▶ **Exercise directions**
No pictures go into the copy. Write out exactly the lines below from the one containing "Ny tanànan'i Maroantsetra, renivohitry" through the one containing "Arriba, vista de".

▶ **Supplied records**
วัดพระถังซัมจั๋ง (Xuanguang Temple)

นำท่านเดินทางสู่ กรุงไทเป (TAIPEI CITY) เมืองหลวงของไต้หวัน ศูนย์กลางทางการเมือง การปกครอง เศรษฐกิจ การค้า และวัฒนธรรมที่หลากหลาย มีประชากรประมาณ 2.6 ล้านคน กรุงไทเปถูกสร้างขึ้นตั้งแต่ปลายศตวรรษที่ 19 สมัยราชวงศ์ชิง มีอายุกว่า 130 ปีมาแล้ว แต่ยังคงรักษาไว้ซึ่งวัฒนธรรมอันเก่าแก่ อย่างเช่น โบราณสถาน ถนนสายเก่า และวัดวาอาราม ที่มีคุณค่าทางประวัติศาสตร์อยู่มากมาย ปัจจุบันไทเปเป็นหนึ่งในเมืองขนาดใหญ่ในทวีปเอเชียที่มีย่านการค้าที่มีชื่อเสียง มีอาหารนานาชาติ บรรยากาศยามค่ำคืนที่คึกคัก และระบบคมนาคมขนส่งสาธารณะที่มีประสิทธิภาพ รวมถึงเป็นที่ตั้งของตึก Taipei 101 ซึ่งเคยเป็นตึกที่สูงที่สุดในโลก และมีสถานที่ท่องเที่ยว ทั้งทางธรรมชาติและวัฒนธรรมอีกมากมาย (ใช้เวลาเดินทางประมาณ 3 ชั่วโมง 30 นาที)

==

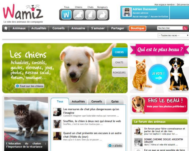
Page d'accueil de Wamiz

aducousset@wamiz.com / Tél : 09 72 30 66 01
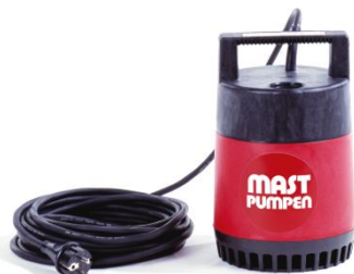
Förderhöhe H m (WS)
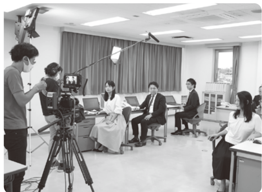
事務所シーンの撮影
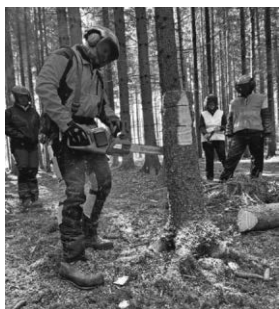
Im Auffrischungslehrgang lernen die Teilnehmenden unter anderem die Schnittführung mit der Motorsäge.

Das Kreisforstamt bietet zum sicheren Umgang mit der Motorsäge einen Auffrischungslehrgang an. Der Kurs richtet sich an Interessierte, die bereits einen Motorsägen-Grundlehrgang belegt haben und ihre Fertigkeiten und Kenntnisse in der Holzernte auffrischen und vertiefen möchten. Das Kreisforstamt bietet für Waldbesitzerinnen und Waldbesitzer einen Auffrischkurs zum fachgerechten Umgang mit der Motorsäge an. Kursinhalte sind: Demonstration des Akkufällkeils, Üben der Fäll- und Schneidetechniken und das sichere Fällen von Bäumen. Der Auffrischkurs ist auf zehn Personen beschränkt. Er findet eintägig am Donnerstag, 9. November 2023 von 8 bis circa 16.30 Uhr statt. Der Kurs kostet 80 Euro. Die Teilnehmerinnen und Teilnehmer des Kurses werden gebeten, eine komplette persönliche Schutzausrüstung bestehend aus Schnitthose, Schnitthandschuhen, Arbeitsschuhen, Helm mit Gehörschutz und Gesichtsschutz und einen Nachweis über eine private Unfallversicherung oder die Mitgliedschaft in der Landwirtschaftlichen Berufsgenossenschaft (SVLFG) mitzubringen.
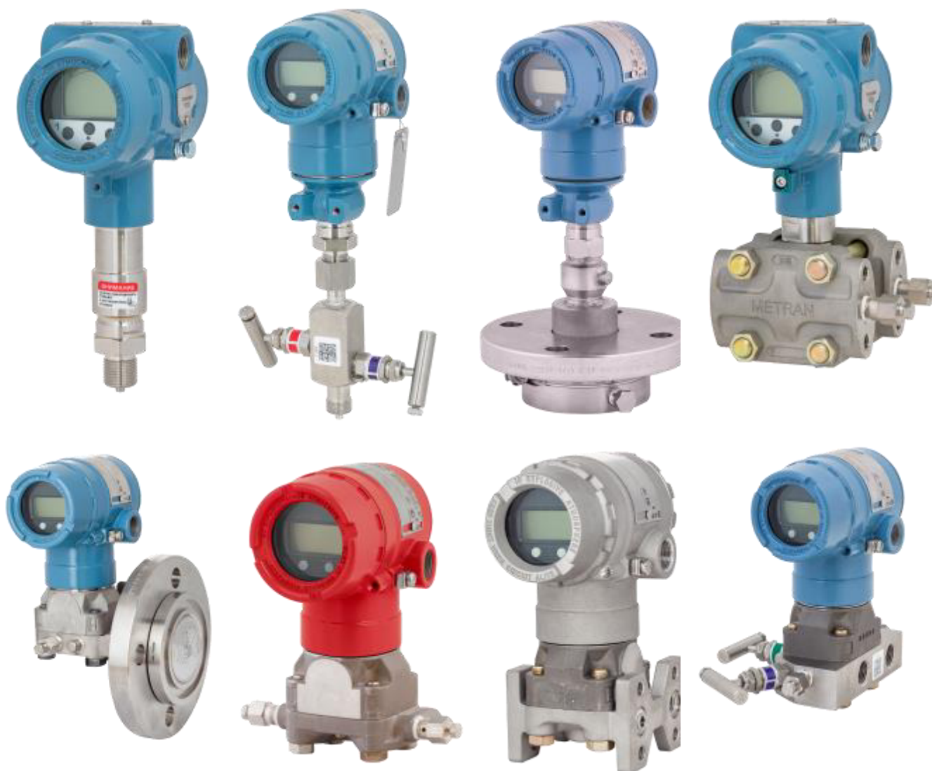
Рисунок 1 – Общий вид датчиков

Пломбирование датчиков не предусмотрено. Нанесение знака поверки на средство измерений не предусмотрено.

...

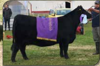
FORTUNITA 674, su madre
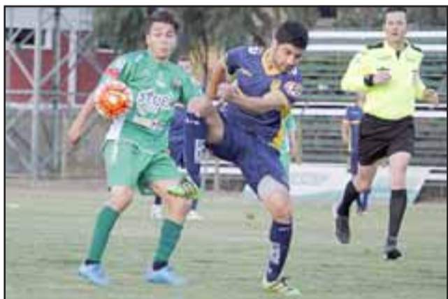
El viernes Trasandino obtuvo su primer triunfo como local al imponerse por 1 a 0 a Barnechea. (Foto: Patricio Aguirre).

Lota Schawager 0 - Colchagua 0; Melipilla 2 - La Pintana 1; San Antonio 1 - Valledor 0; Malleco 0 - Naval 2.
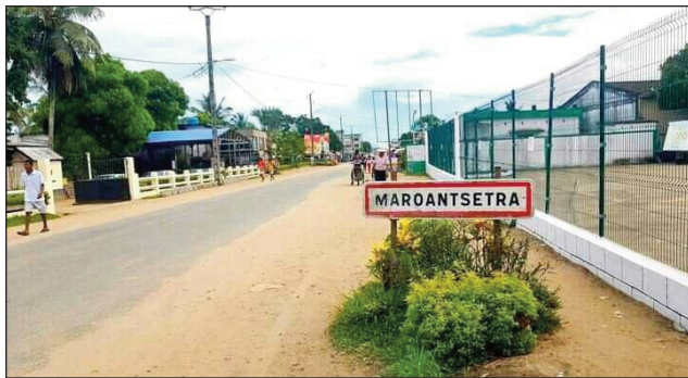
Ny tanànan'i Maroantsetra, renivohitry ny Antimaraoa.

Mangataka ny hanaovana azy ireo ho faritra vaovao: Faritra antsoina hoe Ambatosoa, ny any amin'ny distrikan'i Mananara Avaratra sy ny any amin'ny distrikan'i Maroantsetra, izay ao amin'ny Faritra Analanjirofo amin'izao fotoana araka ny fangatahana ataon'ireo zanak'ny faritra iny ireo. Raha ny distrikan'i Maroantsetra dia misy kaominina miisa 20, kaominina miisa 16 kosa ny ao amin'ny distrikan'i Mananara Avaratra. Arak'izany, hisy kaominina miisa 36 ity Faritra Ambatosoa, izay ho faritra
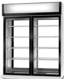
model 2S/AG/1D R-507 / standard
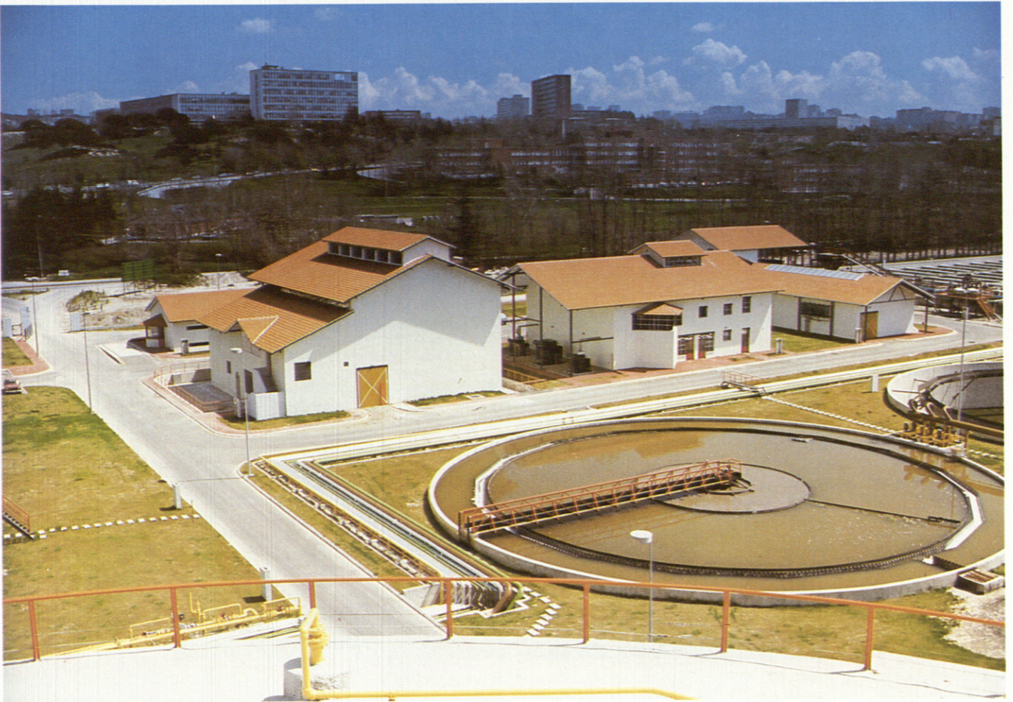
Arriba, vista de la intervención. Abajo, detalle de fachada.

▶ **Task output**
Ny tanànan'i Maroantsetra, renivohitry ny Antimaraoa.

Mangataka ny hanaovana azy ireo ho faritra vaovao: Faritra antsoina hoe Ambatosoa, ny any amin'ny distrikan'i Mananara Avaratra sy ny any amin'ny distrikan'i Maroantsetra, izay ao amin'ny Faritra Analanjirofo amin'izao fotoana araka ny fangatahana ataon'ireo zanak'ny faritra iny ireo. Raha ny distrikan'i Maroantsetra dia misy kaominina miisa 20, kaominina miisa 16 kosa ny ao amin'ny distrikan'i Mananara Avaratra. Arak'izany, hisy kaominina miisa 36 ity Faritra Ambatosoa, izay ho faritra
model 2S/AG/1D R-507 / standard
Arriba, vista de la intervención. Abajo, detalle de fachada.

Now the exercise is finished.